Home / Personal data protection
Personal data protection
Table of Contents
As part of its activities, Onet, as data controller, is required to collect and use personal data relating to prospects, customers, and Internet users of the Internet pages belonging to them.
In order to build a long-term relationship of trust with you that respects your rights and freedoms, Onet is committed to the protection of personal data.
What is GDPR?
In France, the legislation applicable to the protection of personal data is the so-called "Informatique et Libertés" law of 6 January 1978.
At the European level, the General Data Protection Regulation (better known by the acronym GDPR) came into force on May 25, 2018 in all Member States of the European Union.
One of the objectives of the GDPR is to harmonize all European legislation on the protection of personal data.
What is the purpose of this page?
The main purpose of this page is to provide you with information about the use of your data by Onet's websites in a concise, transparent, understandable and easily accessible format.
This information will allow you to understand how your data is used, your rights, and how to exercise them with us.
Who is the Data Controller?
Onet and its subsidiaries are the Data Controllers of the processing carried out on the websites.
ONET Group
36, boulevard de l'Océan
13009 Marseille
France
How do I contact the Data Protection Officer (DPO)?
Onet has appointed a personal data protection officer at Group level, who can be reached at this address: dpo@Onet.fr.
The Data Protection Officer advises, informs and monitors compliance with the regulations on personal data.
Why do we use your personal data on the Websites?
The websites allow you to:
- Receive and respond to requests from our Clients and Prospects via a contact form.
- Receive and respond to requests from our Clients and Prospects via the Chatbot.
- Carry out marketing operations such as integration into the CRM (customer relationship management) and cross-selling.
- Send email communications to our customers who have not objected:
- On products similar to those they ordered.
- Manage the opt-out list.
- Manage your consents relating to cookies and other trackers.
- Exercising your rights (GDPR).
What are the legal bases for processing?
- Contact request (by form or chatbot): the legal basis for the processing is consent.
- Marketing: The legal basis is the company's legitimate interest in finding new Customers.
- Sending email communications: The legal basis for the processing is the Company's legitimate interest in promoting our products to our customers.
- Opt-out list: the legal basis is the legitimate interest of the data subject in making his or her choice effective.
- Management of consents relating to cookies and trackers: the legal basis is the consent of Internet users.
- Exercising the rights of individuals: the legal basis is the law.
What data do we collect and use?
- Contact request (by form or chatbot): Type of requester, surname, first name, position, telephone number, email address, company, subject of your request, Message.
- Marketing operations: name, surname, email, phone number, job title
- Phone callback: phone number
- Opt-out list: email
- Management of consents relating to cookies and trackers:
- Exercising your rights: surname, first name, request, proof of identity, any data relating to your request.

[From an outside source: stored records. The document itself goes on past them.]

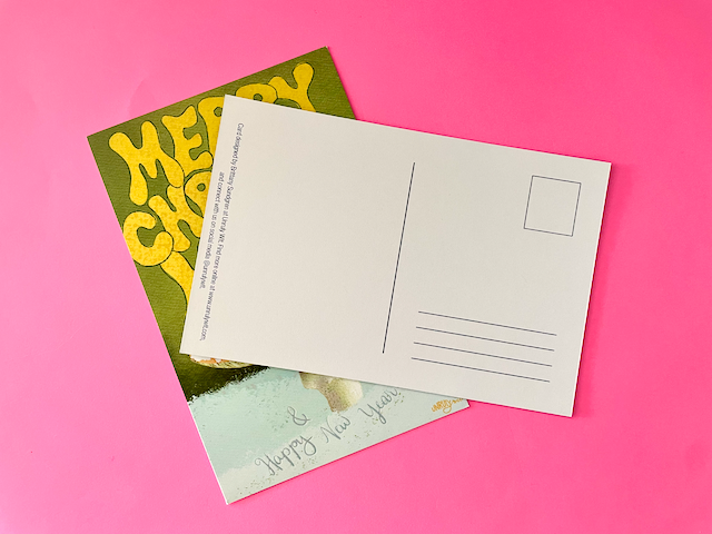 Spread some holiday cheer with this whimsical postcard featuring a festive mushroom. The playful message, "Merry Christmush! And a happy new year!" is perfect for a quick and cheerful greeting. The blank reverse side offers space for a personalized message. Locally printed in Denver by a woman-owned business.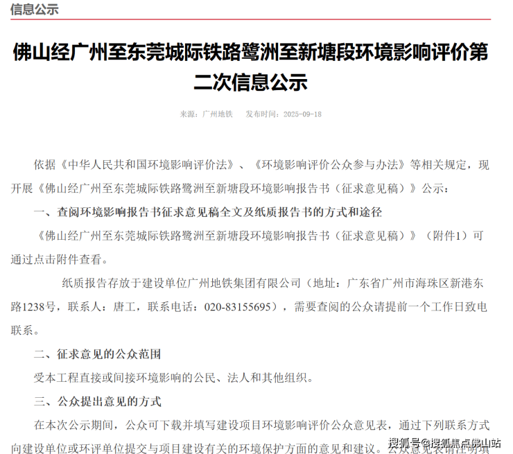 9月18日,广州地铁发布佛山经广州至东莞城际铁路鹭洲至新塘段环境影响评价第二次信息公示。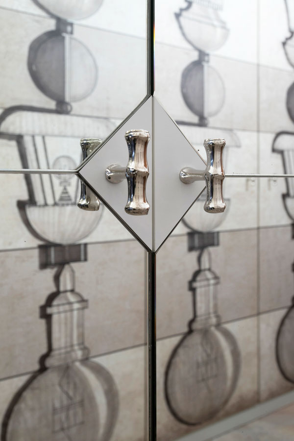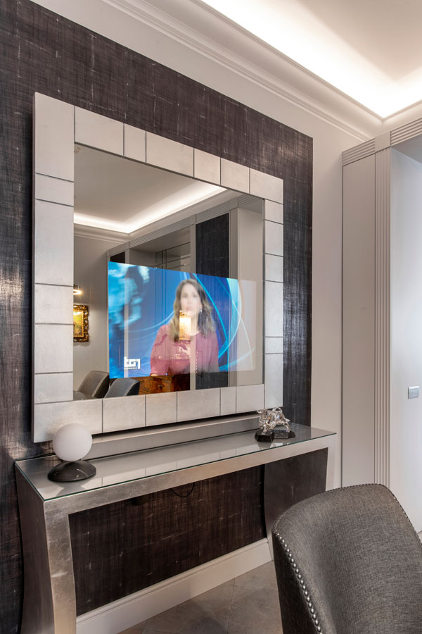La consolle argentata e lo specchio che maschera la TV sono di Spini.

To whom will we share your data?
We will share your personal data with the following recipients:
- Authorised employees within the Group and its subsidiaries are recipients of the data according to their activities.
- The subcontractors, in charge of the customer file, communications, the Chatbot, the automatic reminder and the management of cookies, are data according to their necessity:
- CRISP Company
- WANNASPEAK Company
How long will we keep your data?
- Data necessary for marketing operations (loyalty and prospecting actions): for the duration of the commercial relationship and three (3) years from the last contact.

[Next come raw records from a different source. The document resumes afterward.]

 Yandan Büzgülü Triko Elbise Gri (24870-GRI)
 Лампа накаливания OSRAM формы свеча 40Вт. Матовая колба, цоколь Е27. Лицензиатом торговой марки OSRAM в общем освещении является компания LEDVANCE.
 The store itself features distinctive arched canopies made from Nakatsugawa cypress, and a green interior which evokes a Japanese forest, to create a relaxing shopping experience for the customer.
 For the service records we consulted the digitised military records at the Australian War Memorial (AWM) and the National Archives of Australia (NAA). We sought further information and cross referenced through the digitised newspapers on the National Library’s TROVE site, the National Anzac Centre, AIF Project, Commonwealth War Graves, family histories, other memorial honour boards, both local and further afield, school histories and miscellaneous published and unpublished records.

- Data concerning the opt-out lists to be received from direct marketing: three (3) years.
- Data required for the management of cookies: 6 months
- Data required by the Chatbot: 6 months
- Data relating to the exercise of rights: five (5) years from the end of the calendar year for all rights except for data in the context of the right to object, which will be kept for six (6) years. If you have provided us with proof of identity, it will be kept for one (1) year after receipt of the request if proof is required. Otherwise, the receipt will be deleted immediately.
What are your rights?
You can access, rectify or delete your personal data. You also have a right to portability and a right to restrict the processing of your data.
If you receive communications where the legal basis is legitimate interest, then you can object to them either at the time of your message via the "I object" tick or via the link at the bottom of each newsletter.
As your consent is required for the choice of cookies and trackers, you can change your choices at any time by clicking on this link:
How do I contact the DPO?
To exercise your rights or if you have any questions about the processing of your data in this system, you can contact our Data Protection Officer (or DPO).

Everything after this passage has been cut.